**Instructions to follow:**
Line by line, set down the records below from the first line through the line containing "Princessa Puff Sleeve". Omit the pictures.

**Extracted material:**
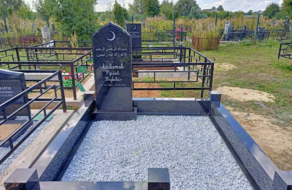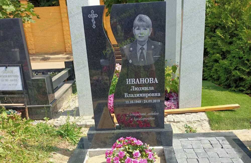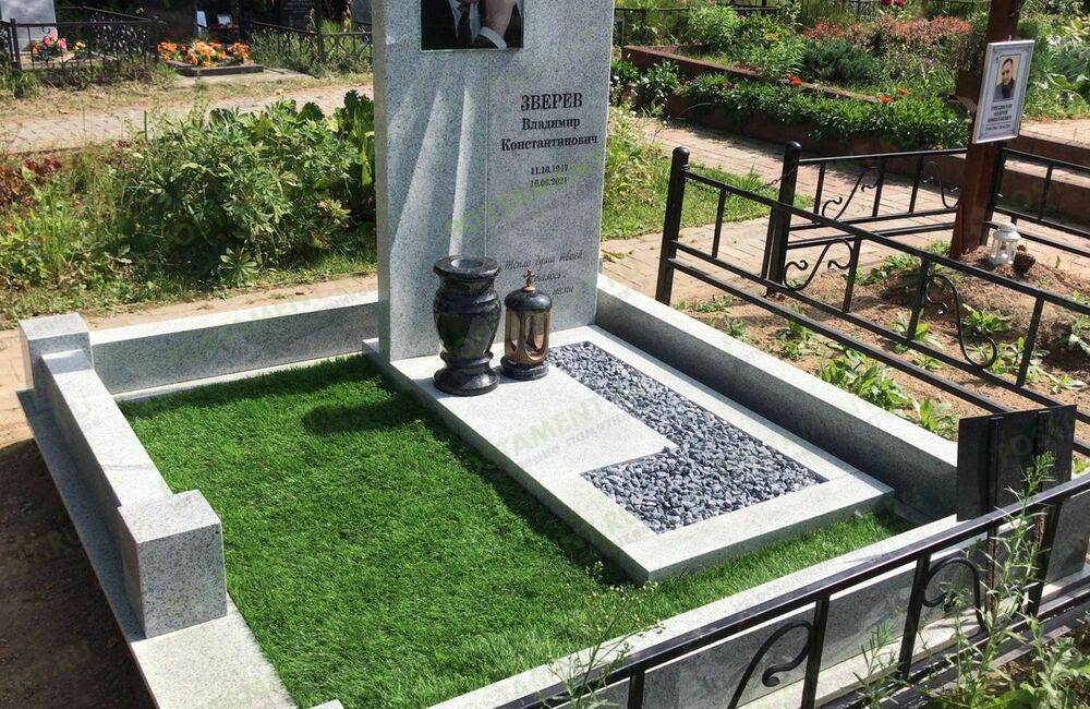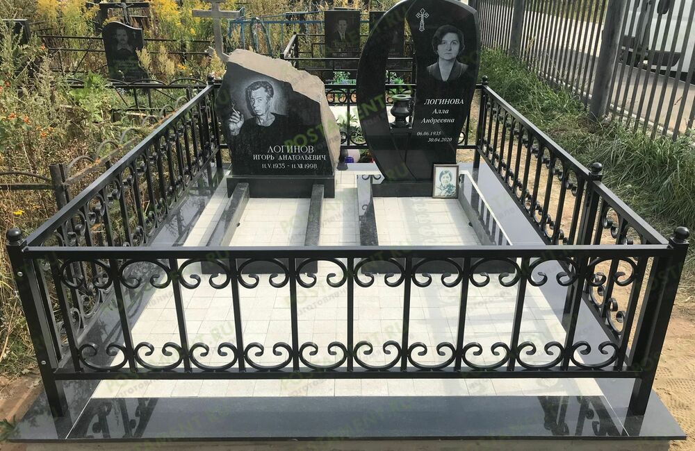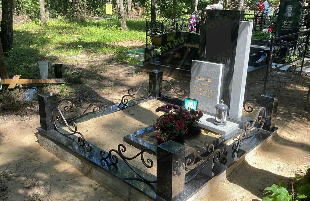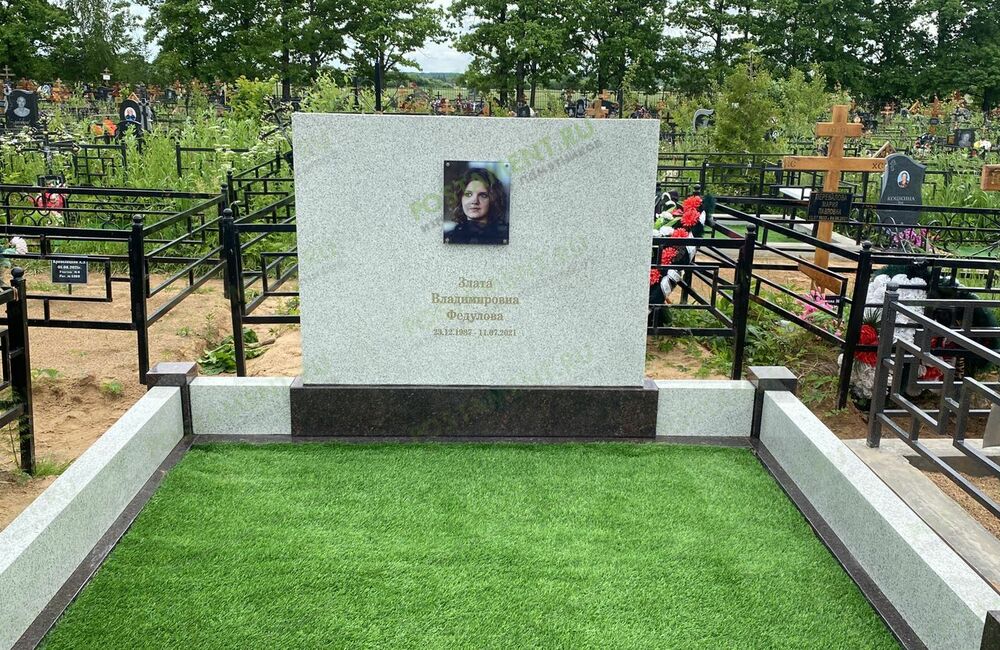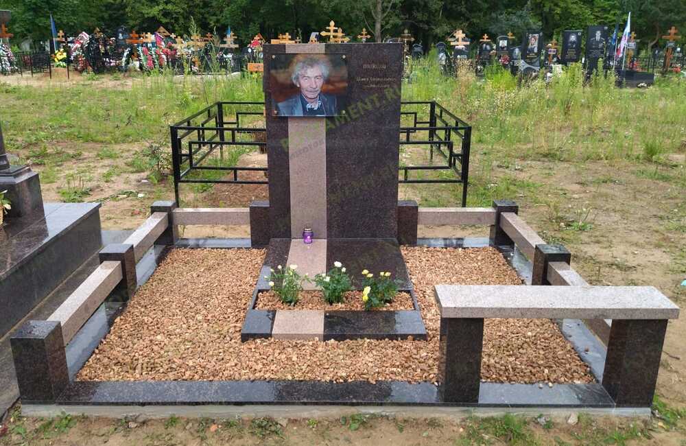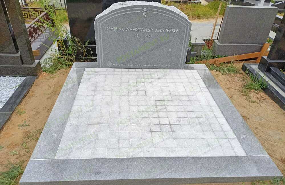 Комплекс из Дымовского и Куртинского гранита со стеклом и инкрустацией креста и букв
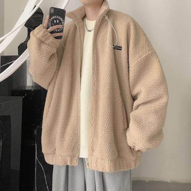 Men's Lambswool Stand Collar Cotton-Padded Jacket - Thickened and Warm for Winter
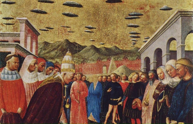 «Мы даже видели нескольких таких безумных глупцов, которые, веря в реальность станных вещей, привели на собрание людей четверых закованных в цепи — трёх мужчин и одну женщину, утверждая, что они упали с этих кораблей. Они держали их в оковах несколько дней, а затем привели ко мне, сопровождаемые толпой, чтобы побить их камнями, как уже приговорённых. Однако после долгого обсуждения истина наконец восторжествовала, и те, кто выставил этих людей на всеобщее обозрение, были посрамлены».
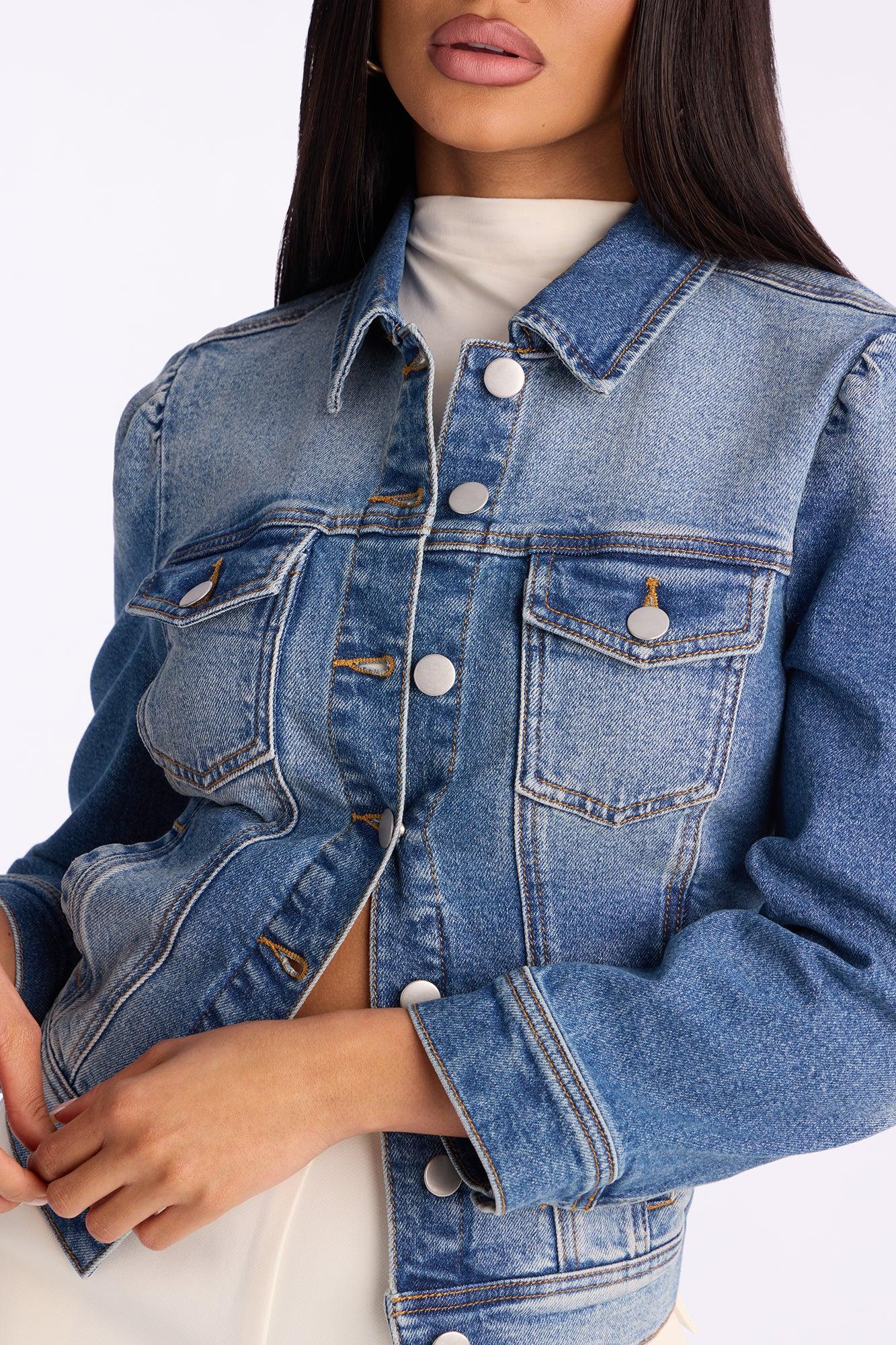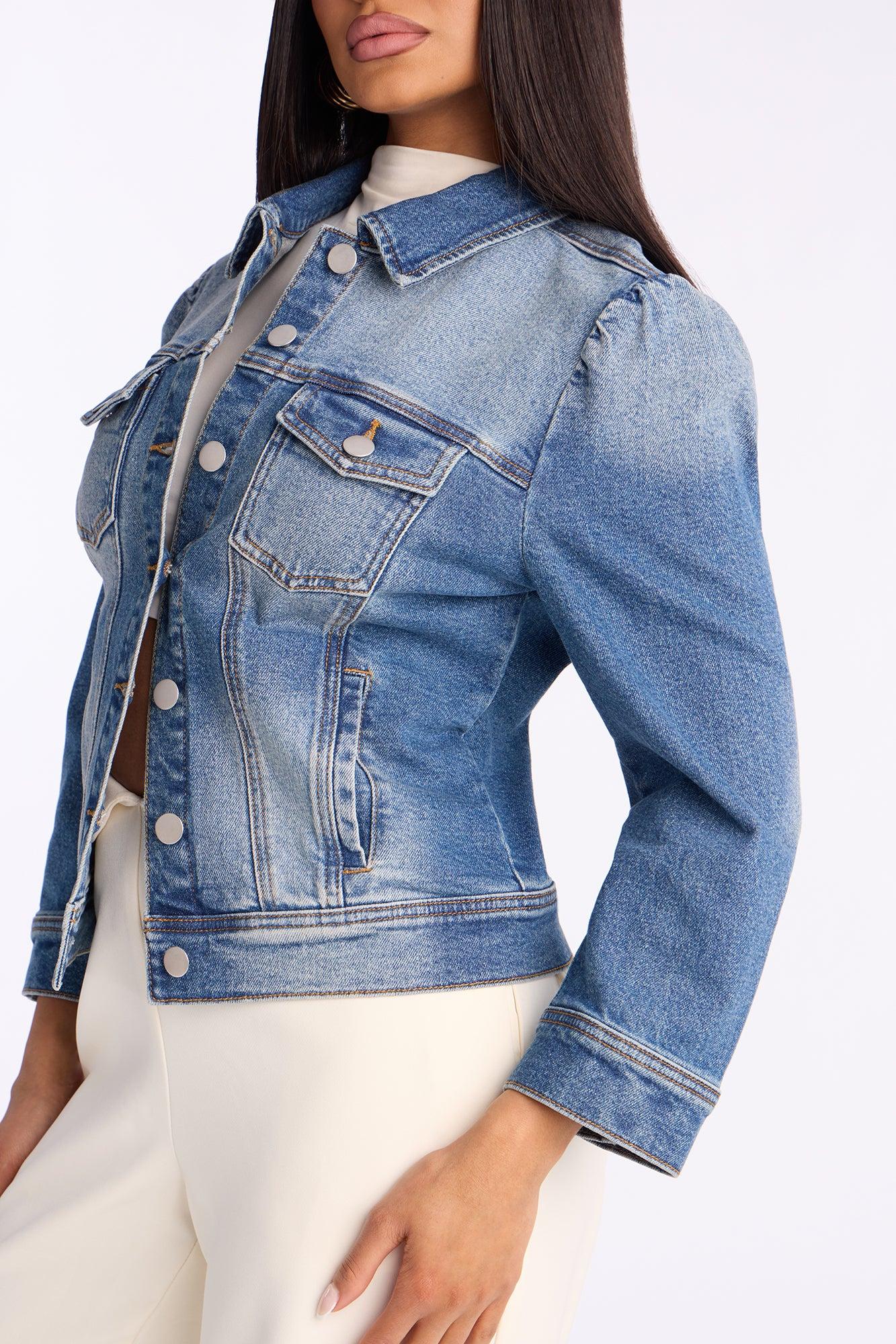 Princessa Puff Sleeve Denim Jacket - Medium Wash Female
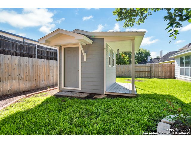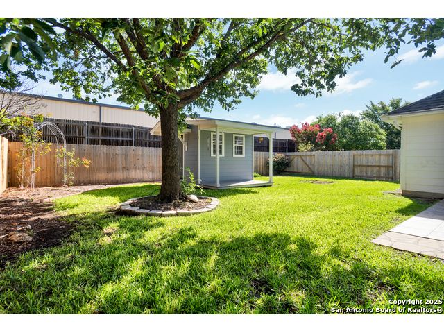 Discover this beautiful, updated, immaculate one-story home nestled in the quiet neighborhood of Redland Estates. This 4-bedroom, 2-bath gem features stunningly landscaped front and backyards, with a spacious backyard perfect for entertaining. A charming storage shed includes its own sitting porch, ideal for relaxing outdoors. Inside, the large master suite is fully updated with a spa-like bath offering a separate tub, walk-in shower, and generous walk-in closet. The kitchen is a chef's dream with siltstone countertops, updated appliances and fixtures, 42-inch cabinets, and ample space. Enjoy 10-ft ceilings, elegant crown molding, wood floors, and ceiling fans throughout. The open-concept layout includes a breakfast area, breakfast bar with views into the living room, and a cozy corner fireplace. Refrigerator and curtains stay!
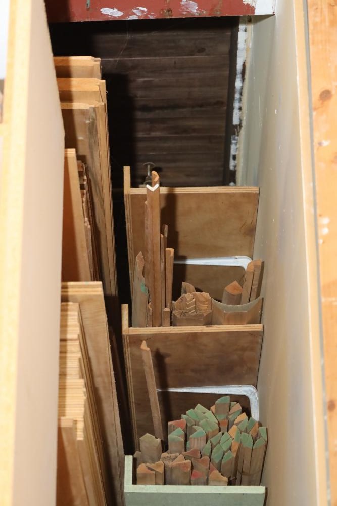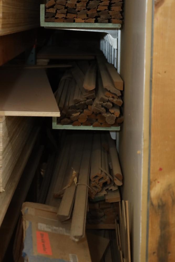 Three shelves of decorative molding, trim and wood stock. Longest piece approx. 14', largest piece 9x1 thick. Buyer may take as much or as little as they choose. Buyer is responsible for the proper and safe removal to the first disconnect including bringing all the proper tools, equipment, supplies, and help. There will NOT be any help or equipment onsite to assist in removal.
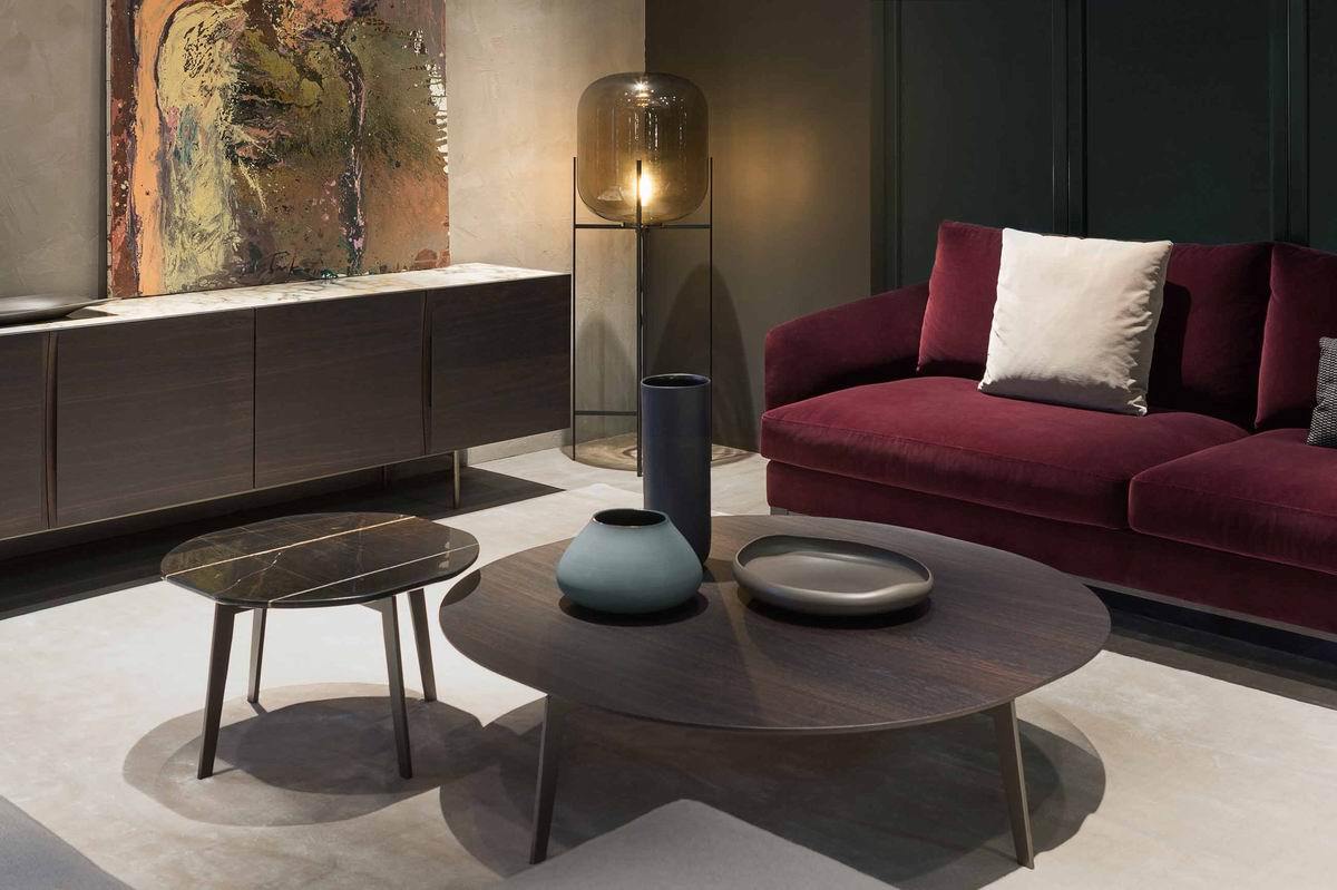 Interaction of the materials: the occasional tables perfectly show off the elegance of the Madisson range. marble, heat treated oak or lacquered on the table tops, metal legs in brown-bronze finish. A must for the new salon culture as well as comfort at home.
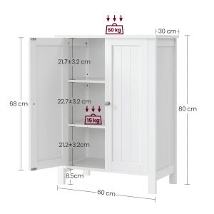 Amplio Espacio de Almacenaje: Con dimensiones de 60 x 80 x 30 cm (Largo x Ancho x Alto), este armario ofrece mucho espacio para toallas, papel higiénico y otros utensilios de baño. Las puertas opacas mantienen los objetos resguardados del polvo, el agua y miradas no deseadas.
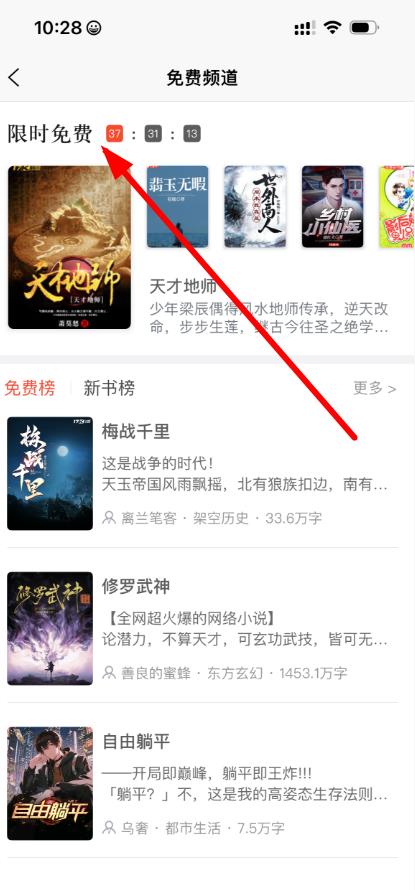 2、進(jìn)入免費(fèi)頻道頁面后,能看到限時(shí)免費(fèi)的小說推薦,這里會(huì)展示正在限時(shí)免費(fèi)閱讀的小說。
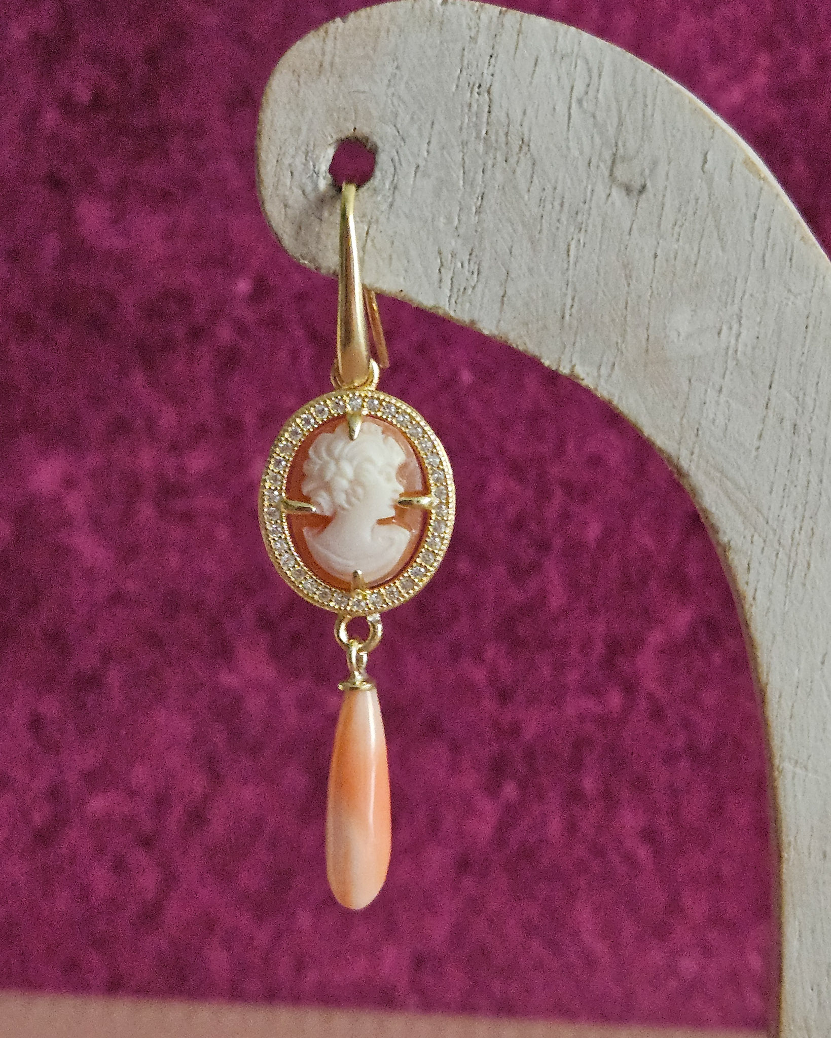 Their key feature is certainly the lady portrait carved from the shell and the super chic drops of the angel skin coral drops.

**Result of the exercise:**
 Комплекс из Дымовского и Куртинского гранита со стеклом и инкрустацией креста и букв
 Men's Lambswool Stand Collar Cotton-Padded Jacket - Thickened and Warm for Winter
 «Мы даже видели нескольких таких безумных глупцов, которые, веря в реальность станных вещей, привели на собрание людей четверых закованных в цепи — трёх мужчин и одну женщину, утверждая, что они упали с этих кораблей. Они держали их в оковах несколько дней, а затем привели ко мне, сопровождаемые толпой, чтобы побить их камнями, как уже приговорённых. Однако после долгого обсуждения истина наконец восторжествовала, и те, кто выставил этих людей на всеобщее обозрение, были посрамлены».
 Princessa Puff Sleeve Denim Jacket - Medium Wash Female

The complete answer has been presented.